And if you can’t, it’s no one’s fault but your own.

“All right,” he said. “All right!” He threw up his hands. “Tell Joanna to lay out my uniform because I’m on my way.”

“Skipper, I hope you realize just how pointless that message would be. She’s the one who told me she had it laid out fifteen minutes ago…about the time she ‘suggested’ I not let you dawdle up here. That was just before she used ‘dillydally’ on me.”

* * *

“Have you managed to find my wife, Amal?” Terekhov asked over his personal com as he half-trotted into the boat bay gallery.

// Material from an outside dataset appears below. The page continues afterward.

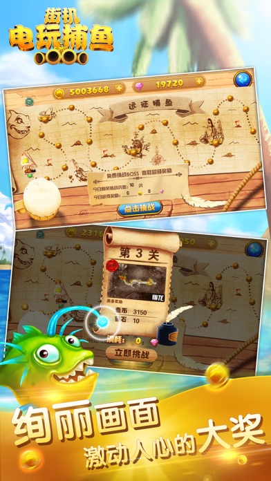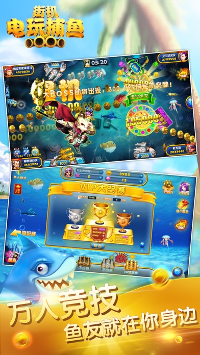 首款竞技捕鱼,得名次,赢奖品,成为捕鱼之王! ■荣获2015年ACG最佳街机游戏奖■ ■App Store五星推荐,捕鱼游戏中唯一全五星好评,值得拥有■ ■唯一一款全联网捕鱼,完美移植街机厅!如同身临其境!■ ■3D酷炫领奖台,尊享竞技之王,更有神秘大奖等你来赢。■ ■电玩城的经典,带你完爆所有捕鱼游戏■ 1. 2016电玩城最火爆捕鱼游戏,华丽登场,娱乐场免费抽奖。 2. 真实100%还原捕鱼达人千炮版,街机捕鱼,千炮捕鱼、金蟾捕鱼等所有街机捕鱼版本,同时增加了闯关提升趣味性。 3. 一网打尽、大三元、大四喜、同类炸弹,全屏炸弹、能量炮等经典玩法。 技能介绍: @比赛:首创比赛模式,万人同时竞技。使用超级武器勇夺第一名吧! @远征:独创远征玩法,各种大小BOSS守关,过五关闯六将,成为捕鱼至尊! @激光炮:激光所过之处鱼儿皆受到伤害,抵抗力稍有不强的鱼儿就会被收为囊中之物。 @范围炮:指哪打哪,Boss克星;点击目标,范围炮发出的炮弹直指目标,大幅度提高暴击指数和杀伤力,超强的重炮打击感。 @采金船:充值越多,彩金越大。玩的更爽! @界面:邀请知名眼科专家合作,首创清新不伤眼画面。 @音效:3D环绕杜比音效,让您身临其境,捕鱼爽翻天。

“No, Sir. I’m afraid we haven’t,” Commander Nagchaudhuri replied apologetically. “We’ve tried all the combinations you gave us, Skipper, and all we’ve gotten is her voicemail.”

Terekhov scowled. Sinead Aurora O’Daley Terekhov was a daughter of two of the oldest naval dynasties in the RMN. She was also a cousin of the present Duke of Winterfell, and her ancestors had been commanding Queen’s ships—and serving in sensitive Foreign Office positions, come to that—for the better part of a T-century before the very first Terekhov’s shuttle ever touched down in Landing. She understood the realities of a naval career, and the one thing she’d never done, in the almost half-century of their marriage, was fail to answer her com within thirty seconds when she expected him to screen her. And she’d known exactly when Hexapuma was due back. For that matter, unless he missed his guess, Hexapuma’s and Warlock’s greeting from Home Fleet had been broadcast over the entire star system! So where was she?

“Keep trying,” he said as the flight engineer beckoned courteously but peremptorily from the inboard end of the boarding tube. “Put her through to me aboard the pinnace the instant you reach her.”

“Yes, Sir. Of course!”

Terekhov signed off and hurried towards the personnel tube. The flight engineer stood aside to let him dive headfirst into the tube’s zero-gravity, then followed. He was on Terekhov’s heels when the captain caught the grab bar and swung feet-first into the pinnace’s internal gravity, and as Terekhov headed for his seat, the engineer sealed the hatch and checked the telltales.

“Good seal!” he announced to the flight deck.

“Copy good seal,” the response came back, and the seatbelt signal flashed on the forward bulkhead.

Terekhov settled into place and looked out the port to watch the umbilicals disengage in spurts of vapor, retracting smoothly in the boat bay’s vacuum. The docking arms unlocked, maneuvering thrusters flared, and the boat bay bulkhead’s ranging lines slid vertically upward as the pilot eased the pinnace out of the bay. It was smoothly done, Terekhov noticed, and made a mental note to compliment the lieutenant when they landed, but it was a distracted sort of note.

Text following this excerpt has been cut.